November 11, 2019
In addition to the CA Attorney General prosecuting CCPA violations and issuing fines, the law enables consumers to bring private actions and class action suits; the legal fees and costs to defend CCPA violation suits should be incentive enough to ensure you’re compliant. This expansion of consumers’ privacy rights is a welcome response to the lack of transparency and regulation and massive breaches, sharing, selling, and publication of consumer data. Businesses that properly prepared for GDPR still need to tweak a few things for CCPA compliance but it’s not the terrifying challenge the media is making it out to be.
You still have time to prepare and get your WP site and business, CCPA ready.
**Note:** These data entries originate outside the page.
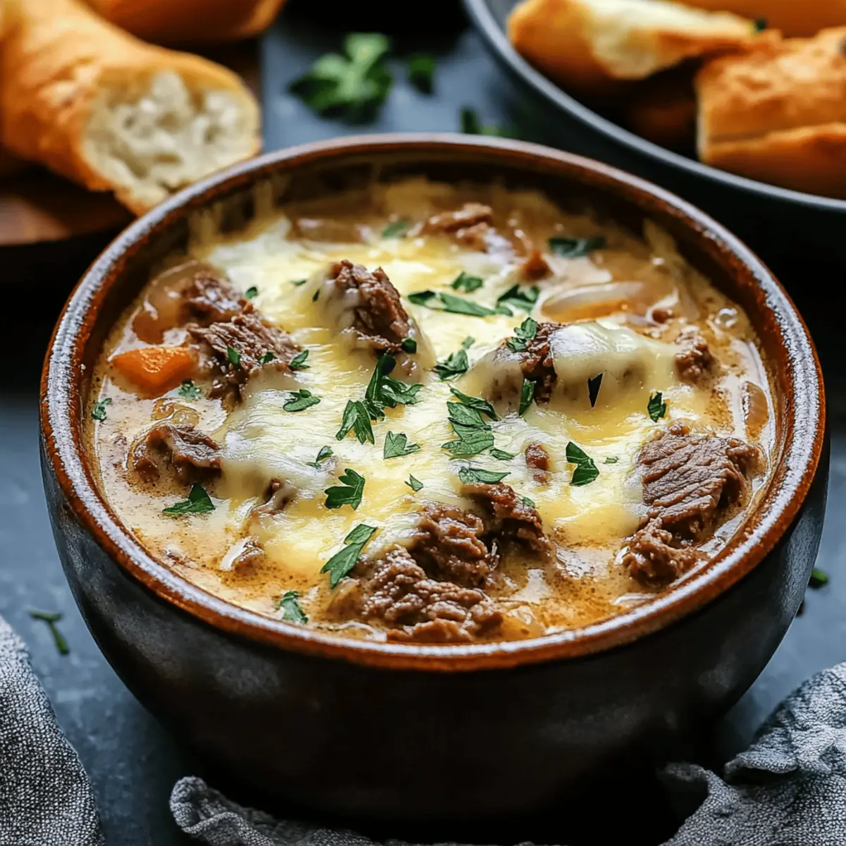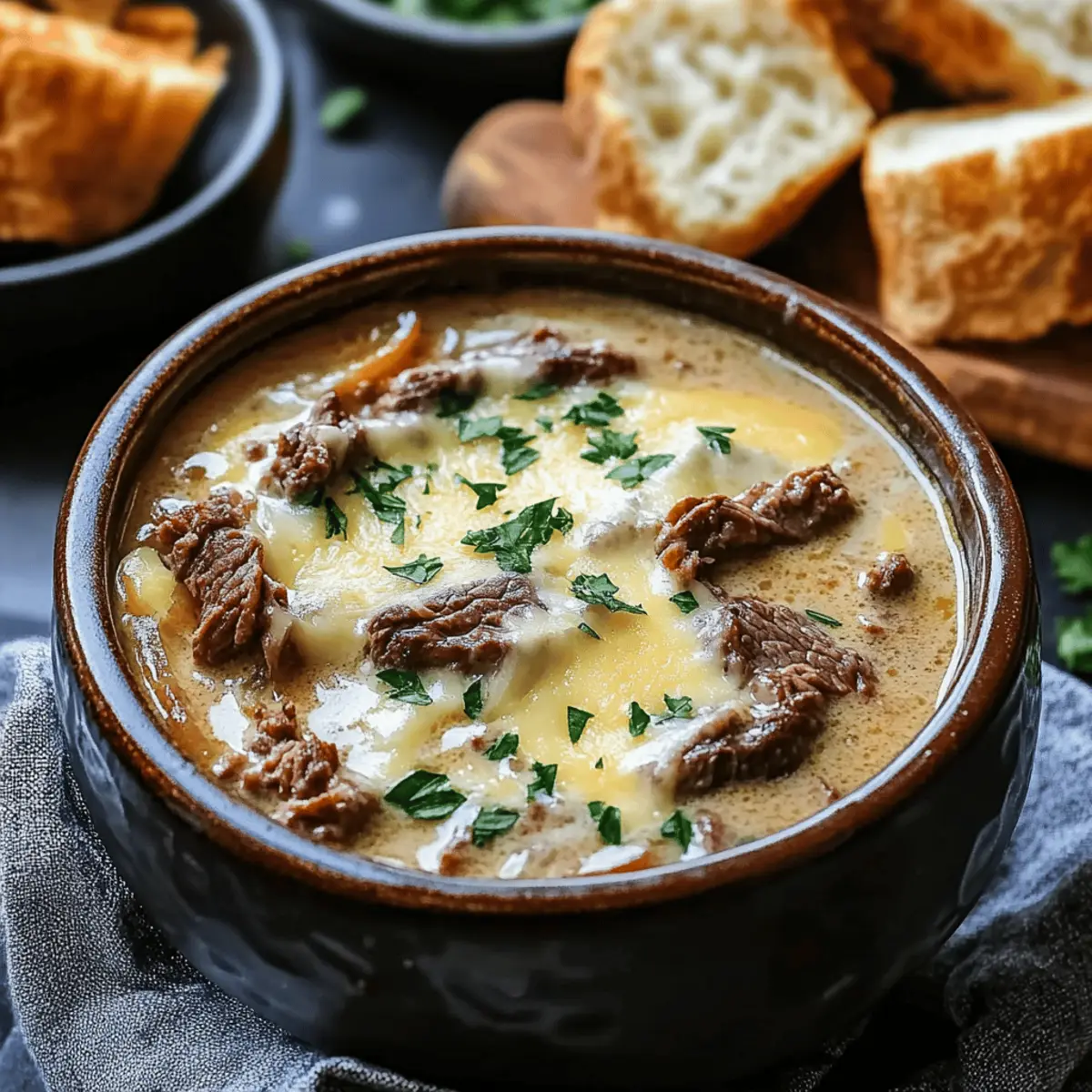 As I stood over the stove, the rich aroma of sizzling beef began to fill my kitchen, instantly transporting me to a cozy corner of a Philadelphia diner. This is how my love for Philly Cheese Steak Soup blossomed, turning a classic sandwich into a comforting bowl of warmth. A hearty meal that’s easy to whip up, this soup not only captures the beloved flavors of its namesake but also offers the flexibility to suit your dietary needs—whether you’re looking to swap in a different cut of meat or adjust for gluten-free options. Perfect for those chilly evenings or casual get-togethers, this Philly Cheese Steak Soup is a crowd-pleaser that everyone will adore. Ready to dive into a creamy, savory delight? Why is Philly Cheese Steak Soup a Must-Try? Comforting warmth: Each spoonful of this soup delivers the nostalgic flavors of a classic cheesesteak, ideal for those cozy nights in. Customizable delight: Easily adapt the recipe to accommodate dietary preferences; substitute beef cuts or make it gluten-free without sacrificing flavor. Rich, creamy texture: The addition of heavy cream and provolone transforms this soup into a luxurious dish that feels indulgent yet heartwarming. Quick preparation: Whip it up in under 30 minutes, saving you time for what really matters—spending it with loved ones. Crowd-pleasing favorite: Whether you’re hosting a dinner party or enjoying a family meal, this soup is sure to impress everyone at the table. Consider pairing it with a delicious Breakfast Grilled Cheese or a side of Broccoli Cheddar Soup for an even heartier meal! Philly Cheese Steak Soup Ingredients For the Soup Base Beef sirloin – Provides heartiness and flavor; substitute with ribeye or flank if desired. Olive oil – Adds richness and is used for sautéing. Onion – The flavor base that adds sweetness; shallots can be used for a milder taste. Green bell pepper – Adds crunch and Vitamin C; red bell pepper can be swapped for a sweeter taste. Garlic – Aromatic and enhances the overall flavor profile. Beef broth – Serves as the liquid base, enhancing umami; opt for low-sodium for less salt. For Creaminess and Flavor Heavy cream – Imparts luxurious creaminess; substitute with half-and-half for a lighter soup. Provolone cheese – Melts beautifully, contributing creaminess and flavor; mozzarella or mild cheddar can be used if provolone isn’t available. For Seasoning Salt and pepper – Essential seasonings that enhance the dish’s flavors; adjust to taste. Now that we’ve gathered all the delicious ingredients for the Philly Cheese Steak Soup, you’re one step closer to enjoying this heartwarming creation. Let’s move on to crafting the perfect bowl of comfort! Step‑by‑Step Instructions for Philly Cheese Steak Soup Step 1: Sauté the Beef In a large pot, heat 2 tablespoons of olive oil over medium heat. Add sliced beef sirloin, cooking for 4–5 minutes or until browned and cooked through. Make sure to stir occasionally to achieve even browning. Once finished, transfer the beef to a plate and set aside, allowing the remaining juices to flavor your soup. Step 2: Cook the Vegetables In the same pot, add the chopped onion and green bell pepper, cooking for about 3–4 minutes until they soften and become fragrant. Stir in minced garlic and continue to sauté for an additional minute until the garlic is aromatic. This step builds a robust flavor base for your Philly Cheese Steak Soup. Step 3: Simmer the Soup Return the cooked beef to the pot and pour in 4 cups of beef broth. Increase the heat to high and bring the mixture to a gentle boil. Once boiling, reduce the heat to low and let the soup simmer uncovered for 15 minutes, allowing all the flavors to meld beautifully together. Step 4: Incorporate Cream and Cheese After simmering, stir in 1 cup of heavy cream and 1 cup of provolone cheese. Mix thoroughly until the cheese is completely melted and the soup is creamy. Allow the soup to heat through for another 2–3 minutes, ensuring the flavors are well combined while maintaining that luxurious texture typical of a good Philly Cheese Steak Soup. Step 5: Season and Serve Finally, taste the soup and adjust the seasoning with salt and pepper to your liking. Give it a good stir to blend the flavors, and then ladle the hot soup into bowls. Serve immediately, garnished with fresh parsley or chives if desired, and enjoy this comforting Philly Cheese Steak Soup with some crusty bread on the side. How to Store and Freeze Philly Cheese Steak Soup Fridge: Store leftover Philly Cheese Steak Soup in an airtight container for up to 3 days. Gently reheat on the stove over low heat, stirring frequently to maintain creaminess. Freezer: It’s best to avoid freezing this soup due to the heavy cream; it may separate and alter the texture upon thawing. Reheating: If you have refrigerated soup, reheat gently on the stove. Add a splash of beef broth or cream if it thickens too much while reheating. Storage Tip: Ensure the soup has cooled completely before placing it in the fridge to maintain quality. Expert Tips for Philly Cheese Steak Soup Perfectly Browned Beef: Ensure your beef is browned well for a rich flavor. Use a hot pan and avoid overcrowding to achieve a nice sear. Hearty Consistency: For a thicker soup, add a cornstarch slurry made from 1 tablespoon cornstarch mixed with 2 tablespoons cold water, stirring in gradually until desired thickness is reached. Spice it Up: Want heat? Add red pepper flakes or diced jalapeños while cooking the vegetables; just a little can transform your Philly Cheese Steak Soup into a warm, zesty delight. Creamy Texture: For a creamy finish, be cautious with the heavy cream; add it off the heat to prevent curdling, and stir until smooth and incorporated. Smart Storage: If you’re making a big batch, store any leftovers in the fridge for up to 3 days, but avoid freezing—cream can separate and ruin the texture upon thawing. Make Ahead Options These Philly Cheese Ste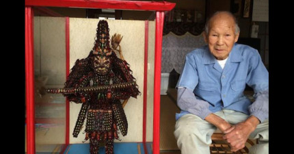 這個完全用昆蟲做出來的武士盔甲我一近看就差點吐了…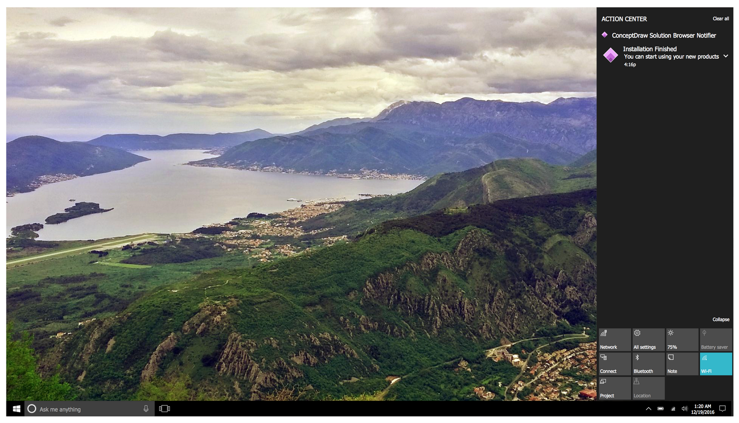 This example shows the Action Center, which is a useful feature of Windows 10. It gives for its users the access to the list of all notifications from the applications that were missed for whatever reasons, no matter these applications are run at this moment or not. The notifications are grouped by applications and time, and can be closed one by one or all together using the Clear All button.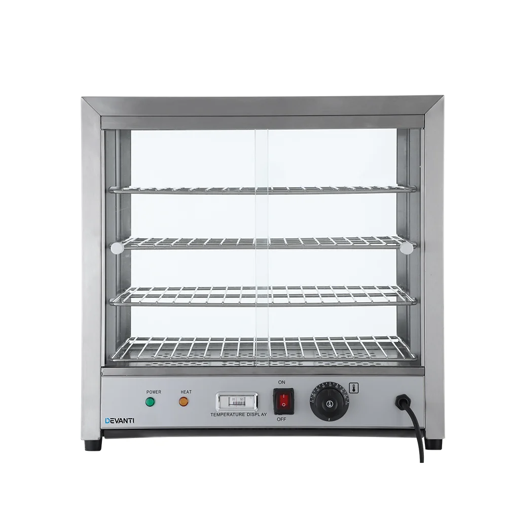 Display your tasty food in the best way possible with the Devanti Commercial Food Warmer. The all-tempered-glass 4-tier showcase is strong and durable and allows for easy viewing on all four sides. The S-shaped heating elements help to keep the food warm at the desired temperature. Thanks to the adjustable thermostat that can set temperature to be between 300C and 1100C. The four food-grade stainless steel trays are totally hygienic and can be removed without hassle. Better still, the rear sliding tempered glass door enables easy access with minimum hassles while a removable crumbs tray makes cleaning so much easier. Not least, the warm lighting adds a nice and delicious aura to your food at all times.

Rian will provide an overview of: the CCPA, (what you NEED to know), compliance best practices (what you need to DO, administratively and technologically), and resources for maintaining compliance (where you can turn when you need answers), including the WP features developed by the Core Privacy team.
December 3, 2019 at 3:56 pm |
Thank you to Abbie Jullien, for further clarifying that IP addresses ARE considered “Personal Info” under the CCPA at 1798.140(o)(1)(A), which states:
(o) (1) “Personal information” means information that identifies, relates to, describes, is capable of being associated with, or could reasonably be linked, directly or indirectly, with a particular consumer or household. Personal information includes, but is not limited to, the following if it identifies, relates to, describes, is capable of being associated with, or could be reasonably linked, directly or indirectly, with a particular consumer or household:
(A) Identifiers such as a real name, alias, postal address, unique personal identifier, online identifier, Internet Protocol address, email address, account name, social security number, driver’s license number, passport number, or other similar identifiers.